A group of Korean and Japanese scholars concluded yesterday in a study commissioned by the two governments that Japan’s annexation of Korea was done over the objection of Koreans.

Observers here expect the joint study, the conclusions of which match an Aug. 10 statement by Japanese Prime Minister Naoto Kan, to end any denial that Koreans were coerced into the annexation, which led to a 35-year colonial rule of Korea along with tragic events like sex slavery and forced labor.

“Japan embarked on annexing Korea with power in the face of opposition from Koreans in the early 20th century,” the final report by 13 Korean and 13 Japanese scholars read.

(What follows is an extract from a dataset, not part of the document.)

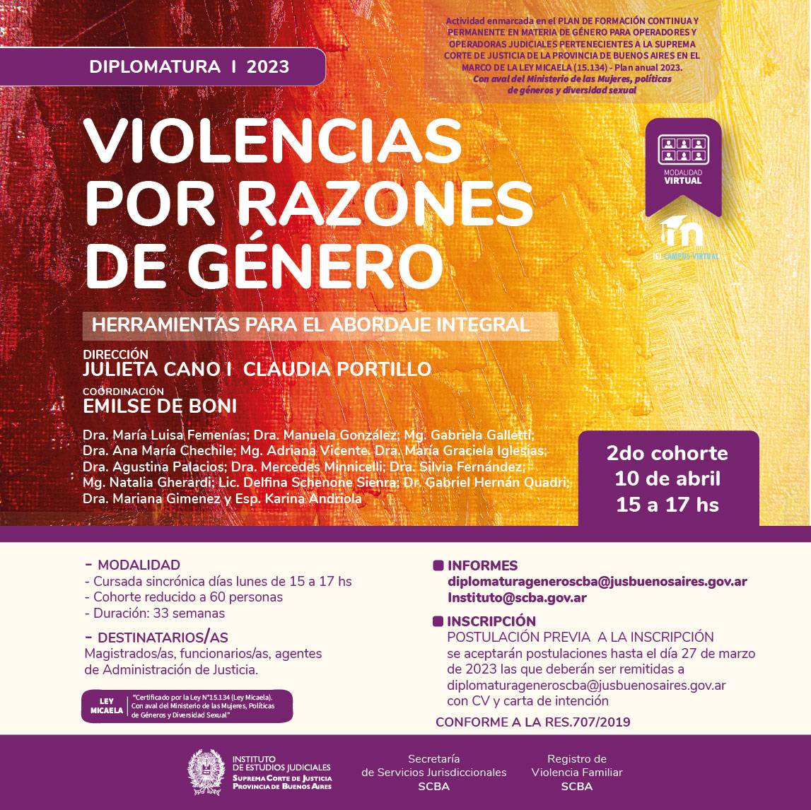 Actividad enmarcada en el PLAN DE FORMACIÓN CONTINUA Y PERMANENTE EN MATERIA DE GÉNERO PARA OPERADORES Y OPERADORAS JUDICIALES PERTENECIENTES A LA SUPREMA CORTE DE JUSTICIA DE LA PROVINCIA DE BUENOS AIRES EN EL MARCO DE LA LEY MICAELA (15.134) -Plan anual 2023 y con aval del Ministerio de las Mujeres, Políticas de géneros y Diversidad sexual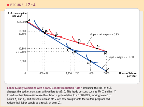 Misal: ada program kesejahteraan dengan 50% BRR. Pemerintah menetapkan garis kemiskinan sebesar $9,800. Garis batas anggaran berubah dari ABC ke AB2D.

“The numerous losses, pains and the national grudge brought on by such a colonizing process and the colonial rule afterward are factors impeding the Korea-Japan relationship from being normalized since 1945.”

The scholars, led by Ha Young-sun of Seoul National University and Masao Okonogi of Keio University, began conducting the study in February 2009. Ha and Okonogi announced the result of the study at the Ministry of Foreign Affairs and Trade in Seoul yesterday.

“The statement mentioning that the annexation and the colonization were done based on power could be virtually interpreted as [the annexation] having an element of coerciveness,” Ha told reporters.

Japanese Prime Minister Kan acknowledged that colonial rule was forced upon Korea against the will of its people in an address on Aug. 10, the first time a Japanese prime minister had made such an admission.

The controversy over whether the annexation was legitimate or not, which could expose Japan to financial liabilities, lingers and the scholars reached no conclusion on the point.

The study, named “A joint study project for the new Korea-Japan era,” was also intended to come up with policy proposals for improving the bilateral relations.

Among its forward-looking proposals is realizing “Campus Asia,” a deeper-level of student exchange programs.

“It [the student exchange program] should not stop at such levels as [short-term] mutual visits by students, exchange of academic units or joint degrees,” Okinogi said. “We should foster leaders in the era of an incorporated [East Asia].”

The creation of an “East Asian Knowledge Bank” was another suggestion. It proposes a database of historical records and political or diplomatic documents from the East Asia region and translation of classic books written by East Asians.

The scholars also called for building an undersea tunnel linking the two countries, cooperation on North Korean issues and the signing of a free trade agreement as other methods of future-oriented bilateral cooperation.